Celiac disease causes the immune system to damage the lining of the small intestine when you eat gluten. That damage reduces your ability to absorb nutrients properly, which means more undigested food reaches the colon for bacteria to ferment. Foul-smelling gas and greasy, unusually smelly stools are common symptoms.
Small intestinal bacterial overgrowth (SIBO) happens when bacteria that normally live in the large intestine colonize the small intestine instead. These misplaced bacteria start digesting carbohydrates before your body has a chance to absorb them, producing excess gas and short-chain fatty acids. People with SIBO often feel noticeably gassier than usual. The condition can also cause fat malabsorption, leading to oily, foul-smelling stools alongside the smelly gas.
All three of these conditions share a common thread: food isn’t being properly broken down and absorbed before it reaches the colon. When more undigested material arrives there, bacteria produce more gas, and more of it contains sulfur compounds.
Antibiotics and Medications
If your gas suddenly started smelling worse after starting a new medication, that’s likely not a coincidence. Antibiotics are the most common offender because they kill off beneficial gut bacteria alongside the harmful ones. That temporary imbalance lets certain gas-producing species flourish, sometimes dramatically changing how your gas smells for weeks. In some cases, antibiotics can trigger an overgrowth of a bacterium called C. diff, which causes particularly foul-smelling gas and diarrhea.

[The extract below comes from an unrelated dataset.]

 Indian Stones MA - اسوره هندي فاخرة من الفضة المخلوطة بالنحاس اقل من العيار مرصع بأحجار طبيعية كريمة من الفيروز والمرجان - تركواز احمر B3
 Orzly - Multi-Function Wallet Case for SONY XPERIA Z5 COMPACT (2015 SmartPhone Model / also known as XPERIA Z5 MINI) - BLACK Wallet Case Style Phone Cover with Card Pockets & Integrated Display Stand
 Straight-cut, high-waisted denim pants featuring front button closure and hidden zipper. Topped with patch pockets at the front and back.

Supplements containing sulfur compounds can have a similar effect. Iron supplements are another well-known cause of changes in digestive odor. These effects typically resolve once you stop taking the medication or your gut bacteria rebalance.
What You Can Do About It
The most effective approach is dietary. If you want to reduce the smell, cut back on the sulfur-heavy foods listed above for a few days and see if things improve. This isn’t about eliminating entire food groups permanently. It’s about identifying which specific foods cause the biggest reaction for you, since everyone’s gut bacteria are different.
Eating more slowly and chewing thoroughly can also help. When food is better broken down mechanically before it reaches your intestines, there’s less undigested material for bacteria to ferment. Staying hydrated supports digestion for the same reason.

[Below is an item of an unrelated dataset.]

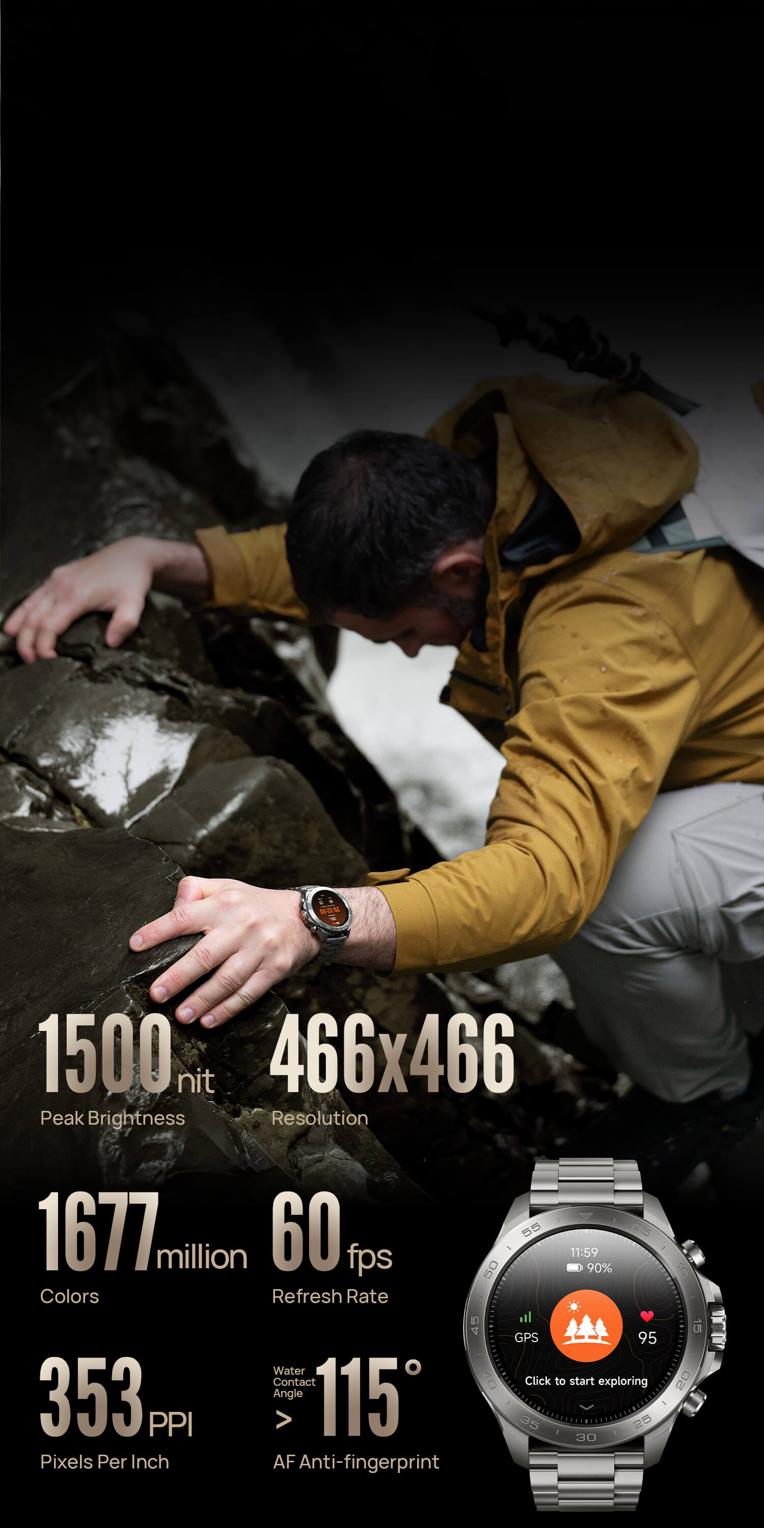1.32" Amoled 466*466, AOD,1500nits,PPI 353
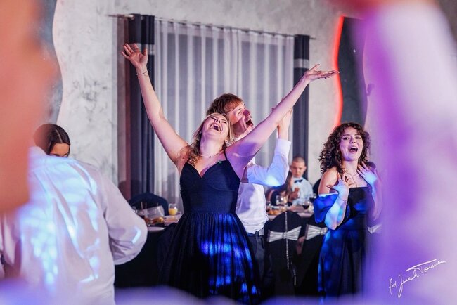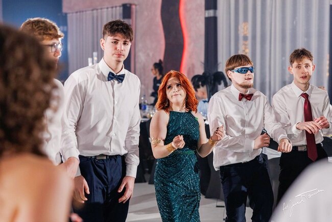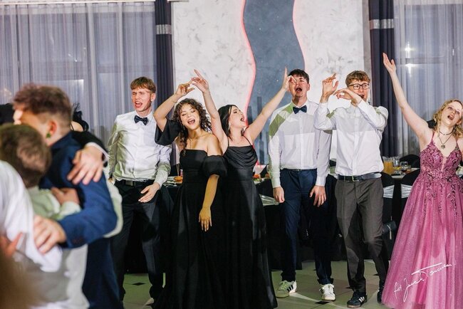 Wieczór od pierwszych chwil zachwycał atmosferą radości, wzruszeń i wspólnego świętowania. Uczniowie, we współpracy z Rodzicami, perfekcyjnie przygotowali całe wydarzenie – od oprawy organizacyjnej po dbałość o każdy szczegół. Eleganckie stroje, piękna dekoracja sali oraz doskonała muzyka sprawiły, że parkiet przez wiele godzin tętnił życiem.

Probiotics may help restore balance after a course of antibiotics, though the evidence for their effect on gas odor specifically is limited. Reducing carbonated drinks and artificial sweeteners (particularly sugar alcohols like sorbitol and xylitol) can cut down on overall gas volume, which indirectly reduces the amount of smelly gas you produce.

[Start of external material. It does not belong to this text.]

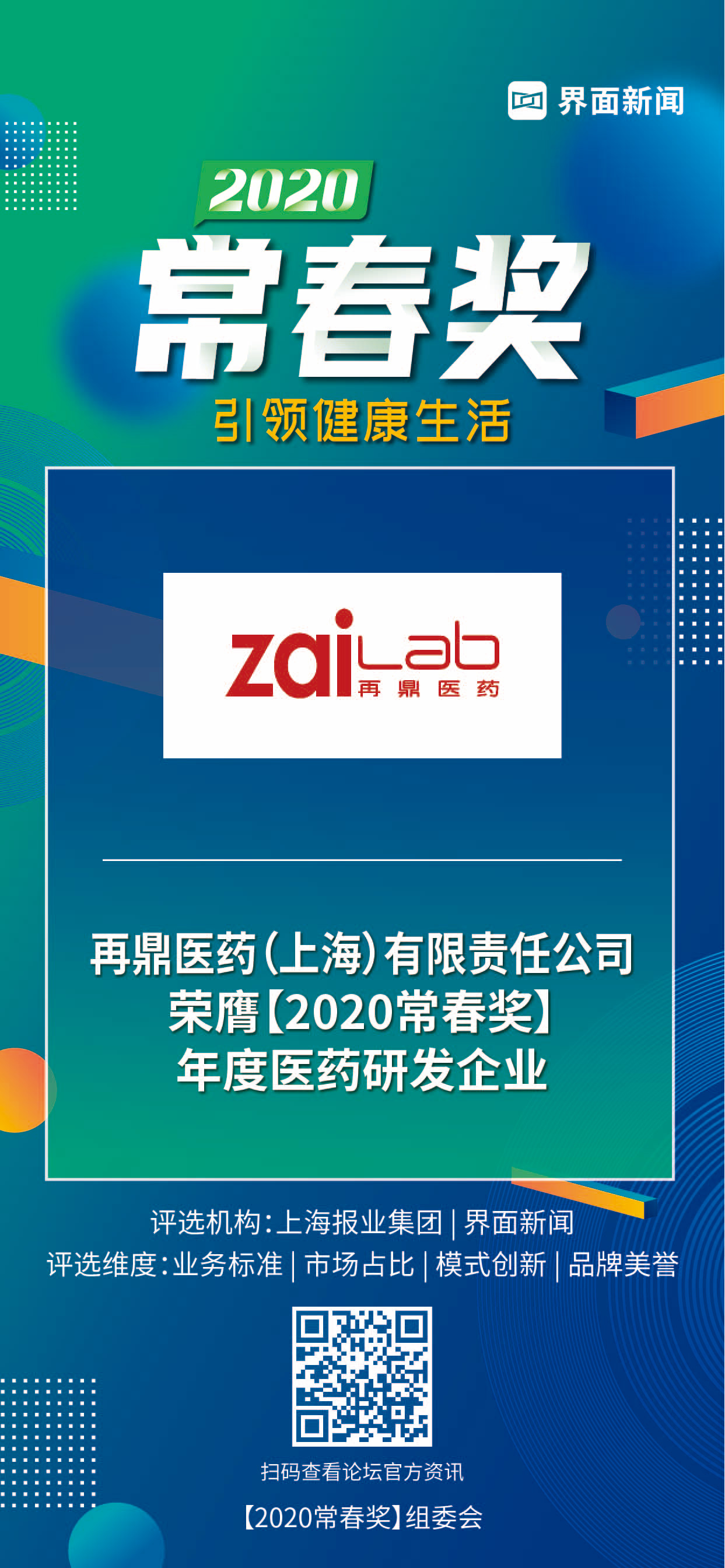 8月27日,上海报业集团l界面新闻在上海鲁能JW万豪侯爵酒店举办了【2020常春奖】颁奖典礼,并正式公布了本年度获奖名单。围绕“引领健康生活”这一核心宗旨,来自于医疗保险、医疗科技、医药零售、健康检测、实践创新等领域优秀企业,夺得了20项年度大奖。再鼎医药(上海)有限责任公司以其充满竞争优势的研发能力,荣膺年度医药研发企业大奖。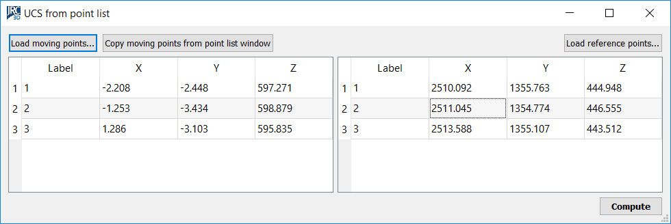 Press the buttons Load moving points on top left to load a text file with the first point list, and Load reference points on top right to load a text file with the “reference” coordinates of the points, the coordinates that are going to be shown in the new UCS. To parse the text files with the point list, an appropriate tool is used. You can use as moving points the points listed in the point list window, via the appropriate button on top left.

Signs Worth Paying Attention To
Smelly gas on its own is rarely a medical concern. But if it comes paired with other symptoms, it may point to something that needs evaluation. Those symptoms include abdominal pain, unexplained weight loss, persistent diarrhea, fever, blood when you wipe, or a skin rash. The combination matters more than the smell alone. Foul gas plus weight loss, for example, could suggest a malabsorption problem. Foul gas plus chronic diarrhea and bloating after eating bread or pasta could point toward celiac disease or a food intolerance worth testing for.